**Stored entries:**

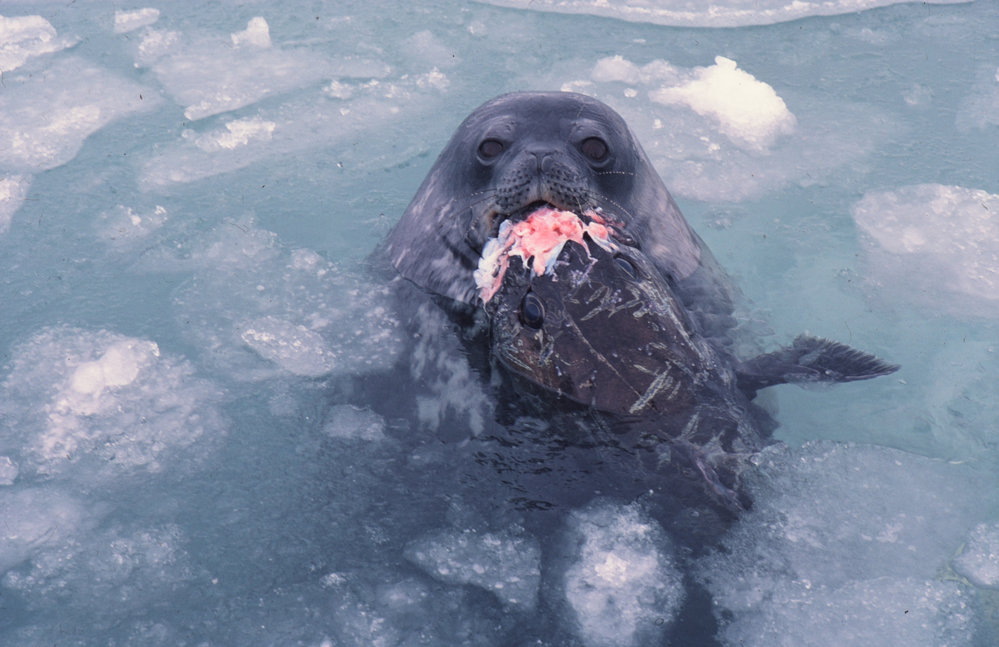 DescriptionWeddell seal with Antarctic codPhotographerKim WesterskovSeason1982-1983Date Taken1982-1983 SeasonOriginalSlideCopyright OwnerKim WesterskovLocationScott BaseGeolocation[1] Position
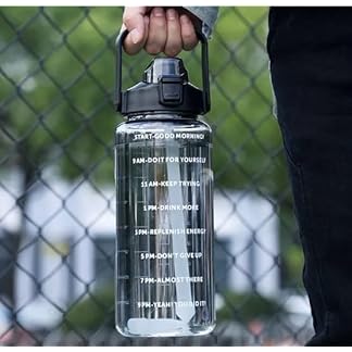 VISBY INDIA 2 L Capacity Belt Straw Transparent Motivational Water Bottles|Time Marker Leak Proof&Break-Proof|Best Usage For Office/School/Gym/Travel Bottle|Bpa-Free Fitness Sports Bottle (Black)
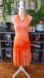 Thin, sheer nylon mesh overlay, in a bright orange (or tangerine) color tie dye print, with floral stitching & tiny orange sparkly sequins. Fully lined, slip dress, underneath, in orange/ peach color. Sleeveless, halter style, v neckline, with long nylon mesh neck ties. Thin padding (non- removable pads). Mid side ruching, giving a beautiful slimming silhouette. Flowy, asymmetrical hem; making this dress great for dancing! Midi, right below the knees (depending on height), length.
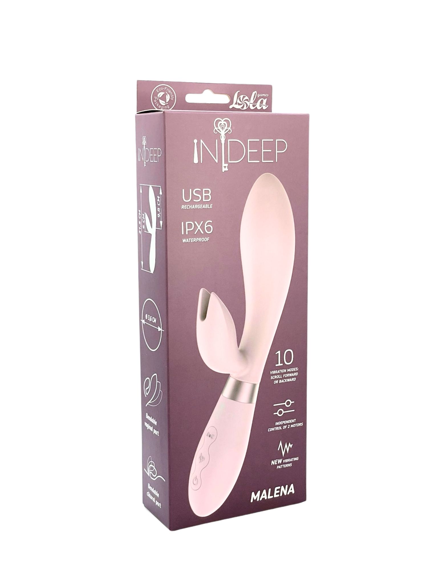 Вибратор Indeep Pro Malena оснащен двумя моторами, которые могут работать как вместе, так и отдельно друг от друга. В каждом из них по 10 уникальных режимов вибрации, продуманных специально для развития вагинального оргазма. Функция отматывания режимов назад позволит легко вернуться назад при необходимости. Гибкость вагинальной и клиторальной частей добавит комфорта в использовании, ведь вибратор будет подстраиваться под изгибы вашего тела. Благодаря стандарту водонепроницаемости IPX6 можно использовать в душе. Заряжается от USB. Изготовлен из гипоаллергенного силикона. Форма клиторального отростка достаточно крупная для того, чтобы подойти каждой женщине вне зависимости от индивидуального анатомического строения. Техника развития вагинального оргазма: стимулируйте клитор снаружи и изнутри одновременно. При приближении оргазма, прекратите внешнюю стимуляцию и сконцентрируйтесь на внутренней. Прекращайте внешнюю стимуляцию клитора каждый раз чуть раньше. Рабочая длина — 9,5 см. Время зарядки — 1,5 часа. Время работы — 2 часа.
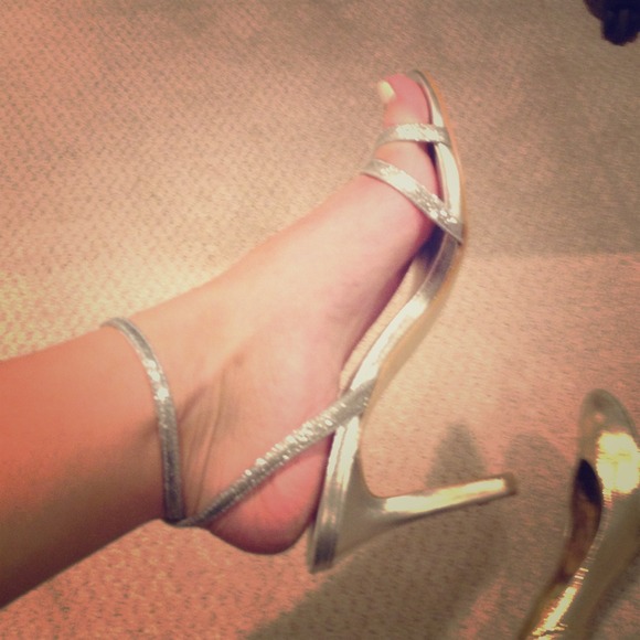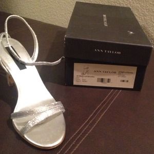 Silver glitter sandals from Ann Taylor. Worn once on my wedding day (Im a gold girl!)...great condition. Excellent for formal affairs or a night on the town.
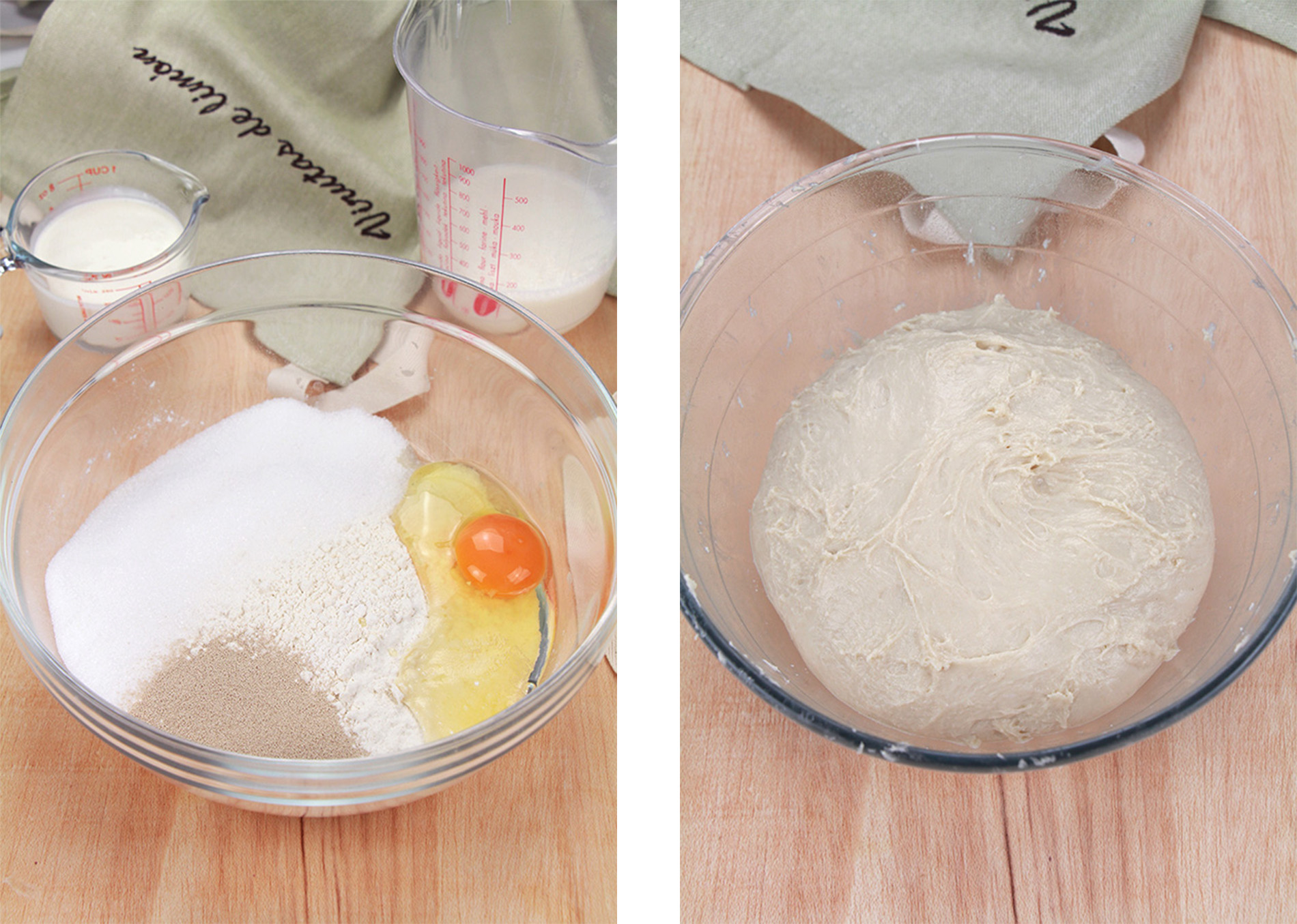 Empezaremos mezclando en un bol grande la leche, la nata, la panela, las dos harinas, la levadura seca y la sal. Removeremos bien con una cuchara o una espátula para empezar a integrar y cuando no podamos seguir, trabajaremos la masa a mano o con un robot amasador hasta llegar al punto de membrana. Como os he contado en otras recetas, se trata de estirar un poco de masa y ver como se forma como una película fina, una membrana. Con una amasadora tardaréis unos 12-15 min, a mano quizás un poco más. Cuando se os empiece a despegar del bol y no se pegue tanto a las manos, la tendréis lista.
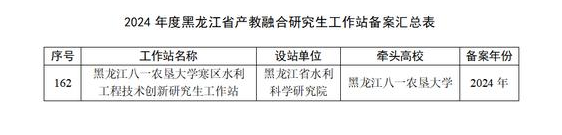 2024年8月1日,黑龙江省教育厅公布《关于备案2024年度黑龙江省产教融合研究生工作站的通知》,我院申报的“黑龙江八一农垦大学寒区水利工程技术创新研究生工作站”成功获批备案。
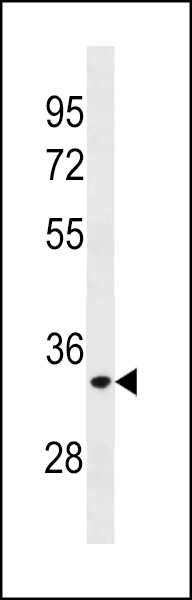 ELOVL3 Antibody (C-term) (Cat. APR07676G) western blot analysis in A2058 cell line lysates (35ug/lane).This demonstrates the ELOVL3 antibody detected the ELOVL3 protein (arrow). |
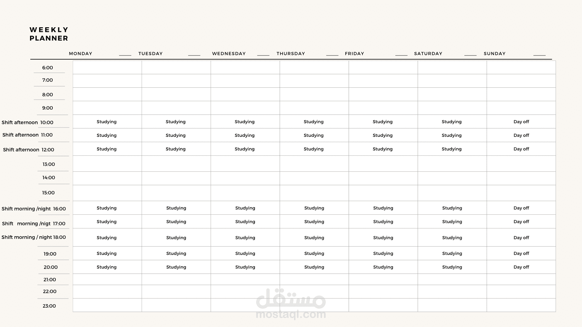 المخطط الأسبوعي هو أداة تنظيم تساعدك في تخطيط وتنظيم أنشطتك خلال الأسبوع. يتضمن عادةً مهامك اليومية، الاجتماعات، وأوقات الراحة. يهدف إلى زيادة الإنتاجية وتحسين إدارة الوقت.
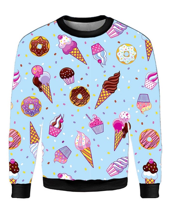 Unisex Cute Cupcakes Ice Cream Donuts Printed Crew Neck Sweatshirt Jumper
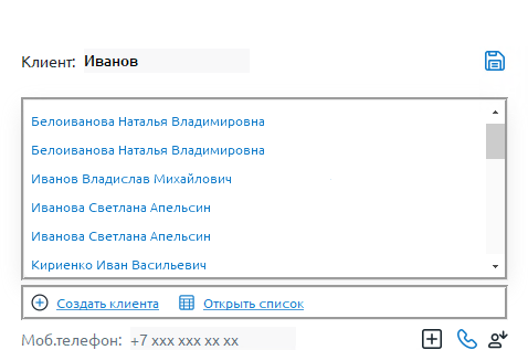 Нажимаем на поле «ФИО клиента». После ввода более 3 символов, появляется подсказка с данными из справочника «Партнеры»:
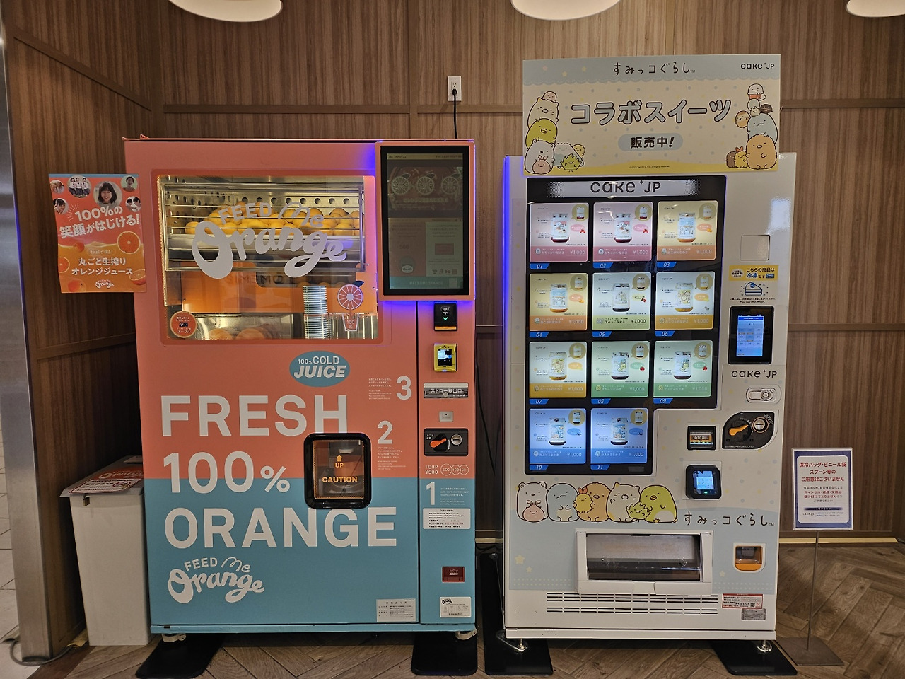 지나갈 때마다 오렌지 냄새가 공기를 가득 메운다. 진짜 오렌지 주스 자판지와 컵케이크 자판기.

**Work to complete:** Please copy exactly, and only, the lines from the one that contains "ELOVL3 Antibody (C-term)" through the last line of the data above, omitting all pictures.

**Task response:**
 ELOVL3 Antibody (C-term) (Cat. APR07676G) western blot analysis in A2058 cell line lysates (35ug/lane).This demonstrates the ELOVL3 antibody detected the ELOVL3 protein (arrow). |
 المخطط الأسبوعي هو أداة تنظيم تساعدك في تخطيط وتنظيم أنشطتك خلال الأسبوع. يتضمن عادةً مهامك اليومية، الاجتماعات، وأوقات الراحة. يهدف إلى زيادة الإنتاجية وتحسين إدارة الوقت.
 Unisex Cute Cupcakes Ice Cream Donuts Printed Crew Neck Sweatshirt Jumper
 Нажимаем на поле «ФИО клиента». После ввода более 3 символов, появляется подсказка с данными из справочника «Партнеры»:
 지나갈 때마다 오렌지 냄새가 공기를 가득 메운다. 진짜 오렌지 주스 자판지와 컵케이크 자판기.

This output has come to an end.